We hypothesized that reducing lipid peroxide levels through overexpression of GPx4 would protect muscle mass, muscle force generation and mitochondrial respiration in denervation-induced sarcopenia. To test this hypothesis, we crossed whole body Sod1KO mice with GPx4 transgenic mice and measured muscle mass, muscle function, hydroperoxide generation and mitochondrial respiration. The results from this study can help us narrow our focus for future interventions for sarcopenia.

Methods

Ethical approval

All animal experiments were conducted in accordance with the guidelines for the care and use of laboratory animals of the Oklahoma Medical Research Foundation (OMRF). Institutional Animal Care and Use Committees (IACUC) at OMRF has approved this study (approval number 19–53). We conducted experiments using male and female mice from strains on a C57BL/6J genetic background currently housed in the mouse colony of Dr Van Remmen at the OMRF. Further, all authors confirm that the experiments described in this article conform to the principles and regulations described in the editorial by Grundy (Grundy, 2015).

Animals

To generate the mouse model, we crossed Sod1KO mice with GPx4 transgenic mice. We have described the breeding and characterization of the Sod1KO mice in detail elsewhere (Muller et al., 2006). The GPx4 transgenic mice were generated using a genomic clone containing the human GPx4 gene, as described in detail by Ran et al. (2004). We identified mice using PCR genotyping. We sacrificed mice using CO2 asphyxiation at a fill rate between 30% and 70% of the chamber volume per minute followed by cervical dislocation. For all studies except the single fibre contractility studies, we euthanized mice at 17–18 months of age. At sacrifice we drew blood through the aorta, and collected tissues, which were snap frozen in liquid nitrogen for subsequent analyses. In previous studies we have shown that the Sod1KO mice at this age show sarcopenia phenotypes comparable to old (25–28 months) wild-type mice (Deepa et al., 2019; Jang et al., 2010; Larkin et al., 2011; Muller et al., 2006). For the single fibre contractility analysis, we sacrificed mice at 8 months of age as we had shown in a previous study that E–C coupling function is impaired in muscle fibres from Sod1KO mice at this age (Xu et al., 2022). The number of animals used was determined based on our previous studies using the Sod1KO mice (Ahn et al., 2022; Qaisar et al., 2019; Xu et al., 2021). We chose to use female mice for this study because male mice were used as breeders.

Ex vivo extensor digitorum longus contractility

Contractile properties were measured in the extensor digitorum longus (EDL) muscle as previously described (Qaisar et al., 2018).
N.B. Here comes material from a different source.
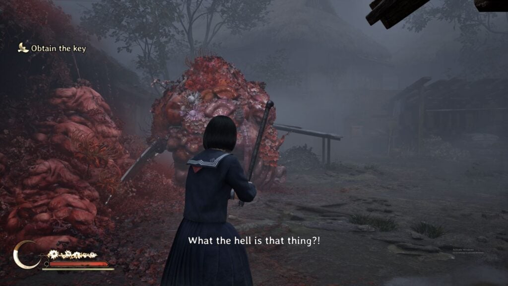 You can find a bunch of healing materials on the left, so don’t forget to explore that side. The path to Rinko’s house lies on the right. As you move forward, prepare to be jumped by another monster with red growth on its face. This one’s pretty tricky to dodge as it will barge straight from the right and won’t give you much time to react. Once you’re done with it, continue in this direction, beyond the red outgrowths, until you hear Shu’s voice. Now it’s time to prepare for a gruesome boss fight.

Briefly, the EDL muscle was suspended on a dual-mode muscle lever system (300C-LR, Aurora Scientific Inc, Aurora, ON, Canada) using a hook in Krebs buffer. The muscle was placed at optimal length and allowed 20 min for thermoequilibration at 32°C. A supramaximal current (600–800 mA) of 0.25 ms pulse duration was delivered through a stimulator (701 C, Aurora Scientific Inc.), and the train duration for isometric contractions was 300 ms. We recorded and analysed data using commercial software (DMC and DMA, Aurora Scientific). Specific force (N/cm2) of EDL muscles was calculated using the ratio of fibre length to muscle length as published previously (Qaisar et al., 2018). EDL muscle was used for contractility assays while gastrocnemius muscle was used for other biochemical assays to avoid any effect from stimulation. Our previous studies show that the EDL muscle is susceptible to contractile dysfunction in the Sod1KO mouse model and in ageing wild-type mice (Qaisar et al., 2018).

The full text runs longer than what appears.